Geography of work
Manish Agarwal is an evangelist
for temping. I shall not dwell on his arguments, which are summarized in the
white paper (actually, it is blue), India’s Labor Market: Case for Temporary
Staffing Reform to reduce Unemployment, which can be downloaded from www.teamlease.com, his company’s web
site. He runs a temping firm, and finds the law stacked against them. In
particular, the Contract Labour (Regulation) Act of 1970 compels every user of
temping services to get a “licence” and to register every temping contract with
the state government, and imposes obligations on him – regarding payment of
salary, provident fund, minimum wage – which should really be imposed on the
temping firm that employs the worker. It imposes absurdly high statutory
deductions from temps’ wages. Essentially, it discriminates against contract
labour and in favour of contract production which is an inferior form of
contract labour. I think Manish Agarwal is right, but I shall leave it to him
to campaign for his cause.
I was struck by something he said
to me. His is by no means a giant firm; the number of temps it handles runs
into thousands, not more. But he said that he was already running into a
shortage of workers in the big cities, and was looking for more in smaller
cities. I and people like me have always worked in big cities. I once got
disgusted with the dirty politics of Delhi and went to Trivandrum intending to
build a little hut on the beach. But the local politics was so much more
vicious that I came back to Delhi in a year. But it is not politics alone;
there are more jobs in big cities – relatively to the people available. That is
not just for pen-pushers for me; there are more jobs even for useful people
like drivers and car washers.
Why is the labour market tighter
in cities? Essentially because there is more purchasing power per square foot.
Someone like me earns thousands in a little cabin of 50 square feet, whereas a
farmer may have an acre or two – an acre is 43,660 square feet – and may earn
less than a thousand a month. Naturally I generate far more demand per acre
than the farmer.
So all the unemployed people
across the country should rush to Delhi to clean my shoes, cut my hair, feed me
betel nut and so on. Why do they not? To do so, they would have to find
somewhere to stay in Delhi, and somewhere to provide me with their service.
Both require space, which is rationed out in some or other fashion in every
city. In a well administered city, for instance in Europe, no one would be
allowed to squat. Everyone would be required to have a place of residence with
an address; and no dwelling could be built without the municipal corporation’s
permission and approval of the plans.
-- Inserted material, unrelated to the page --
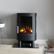 The incredibly realistic 3D holographic flame projection has 4 flame settings - high flame, medium flame, low flame and glowing embers. Our flame projection technology creates flames in the front, middle and back of the firebed which with the addition of the optional blue flame, gives greater ambience and realism. The crystal embers and ceramic logs provide a natural, realistic look to the stove.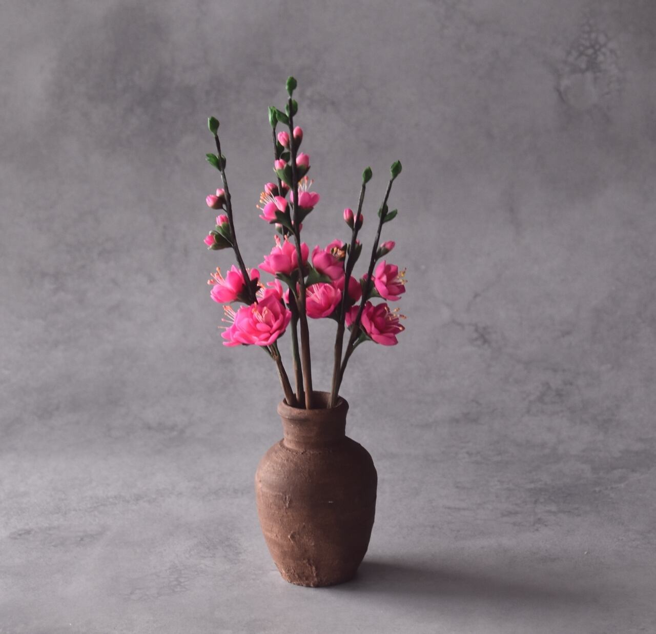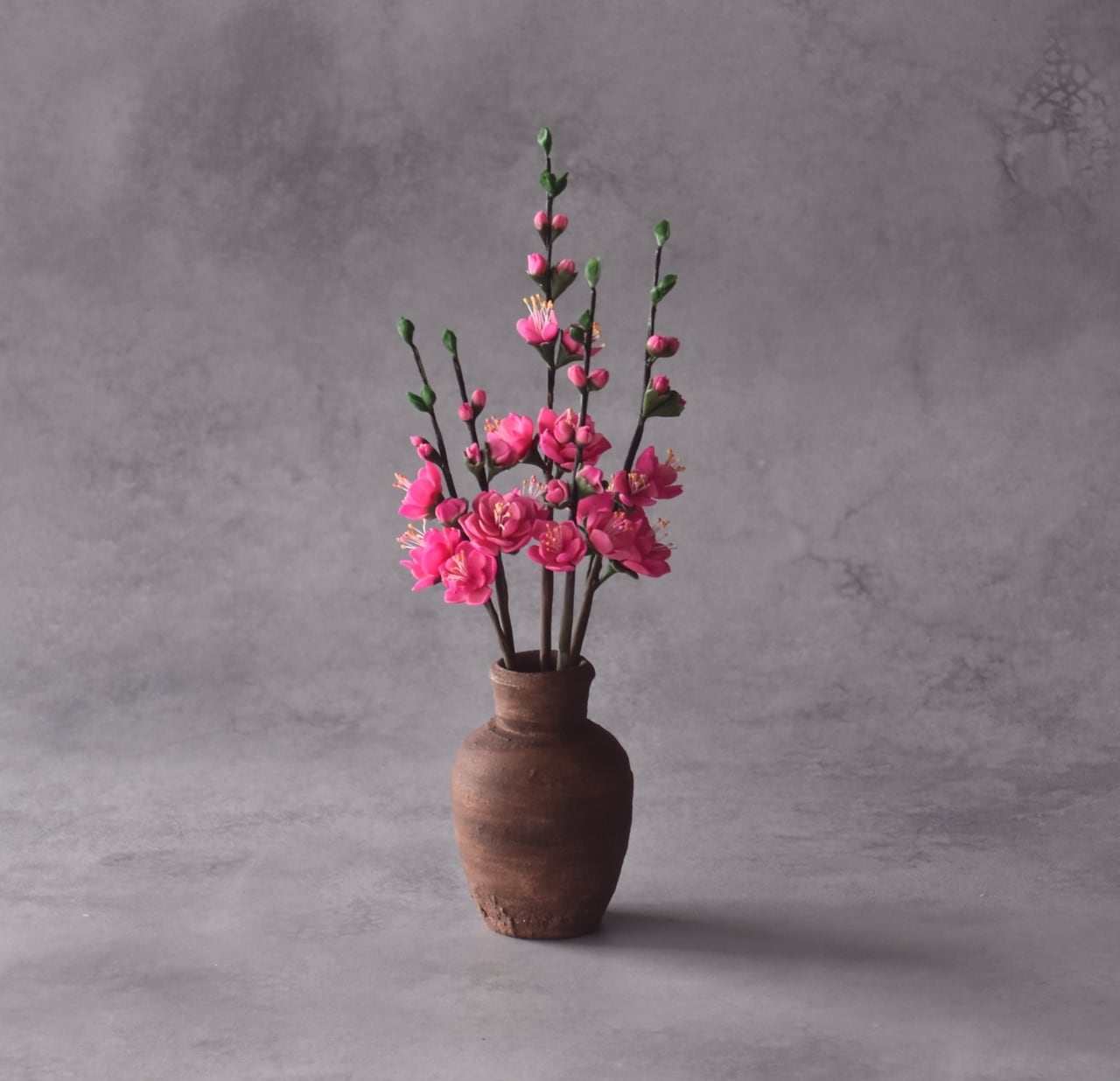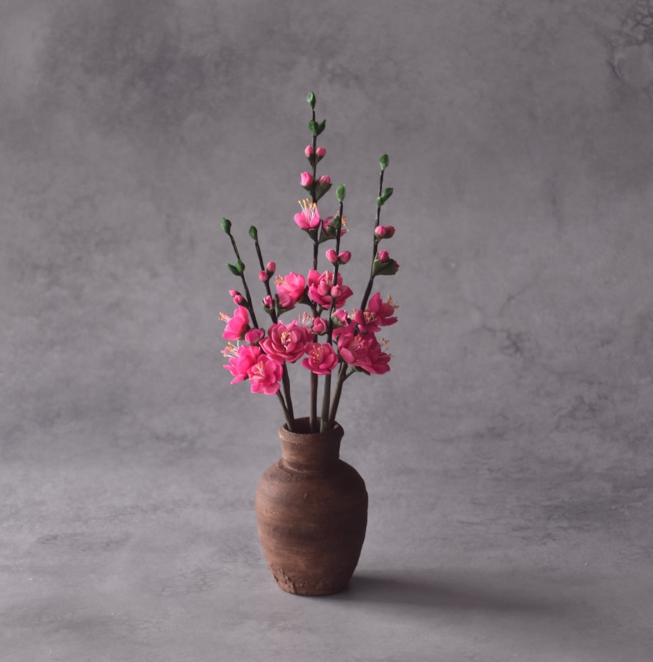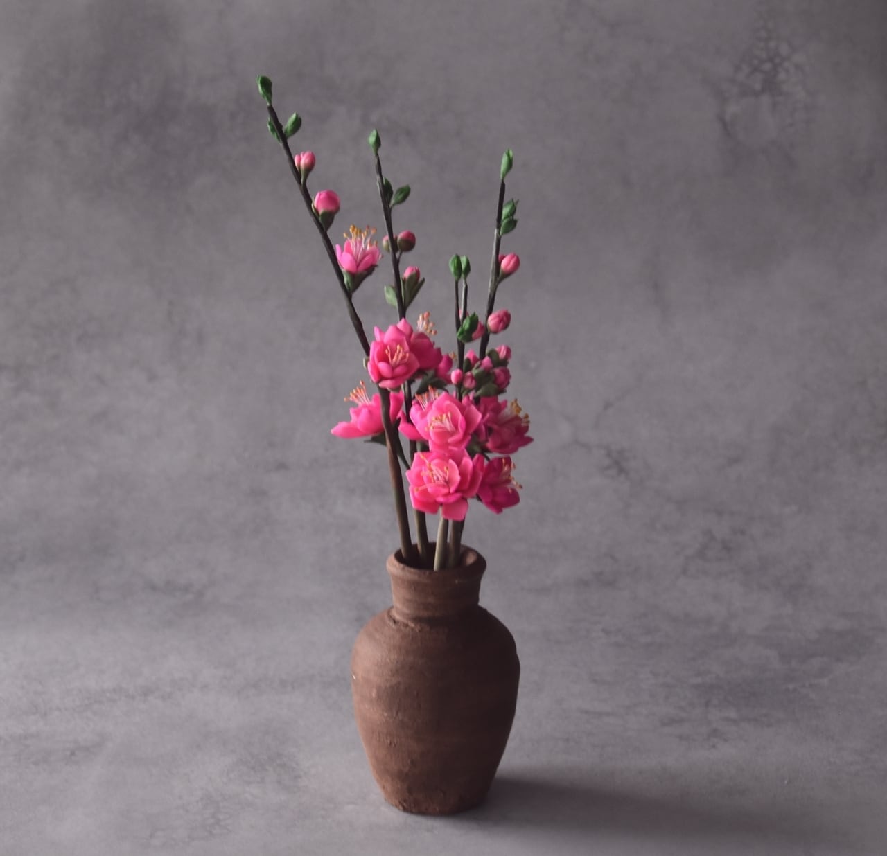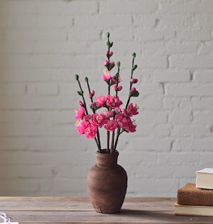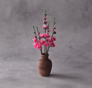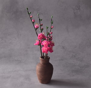 粘土で桃の花をつくり、小さな壺に生けました。

So the supply of dwelling space limits
the number of city dwellers. But in cities in rich countries, there is
generally a surplus of both dwelling and working space; both have outrun the
demand created by urban purchasing power.
In India, however, both are in
short supply; this is why the interstices of Indian cities get filled up with
slums. There are jobs enough, but municipal corporations do not approve enough
houses to accommodate the people who can be employed. That is not entirely
accurate. What happens is that the land prices in cities do not permit houses
to be built which those who get low-paid jobs can afford. So the latter occupy
land without paying for it. And the authorities allow them to occupy it on
certain conditions: for instance, the rule in Bombay that a slum house should
not exceed two stories and 14 feet.
Thus in a well administered city,
the high price of real estate would choke off supply of labour and raise its
price; in poorly administered Indian cities, it creates a dual market for space
– an overpriced market for middle classes and an underpriced market for the
poor.
However, this supply-demand
imbalance is greater in bigger than in smaller cities. Whenever I go to smaller
cities I am struck by how much better living conditions there are – the roads
are less cluttered, the inner spaces are less slummy, the middle classes live
in better houses and spend less time commuting.
So why do we not all go to
Chandigarh or Guntur? Because there is no work there for people like us. That
was true in my lifetime. But it does not have to be so any longer. All the
amenities of big cities can now be supplied in small ones. Azim Premji should
stop complaining of the backwoodsmen who rule Bangalore. With the thousands he
employs, he can create his own town in the jungles of Jharkhand, as Jamshedji
Tata did a hundred and fifty years ago. Let a hundred cities bloom.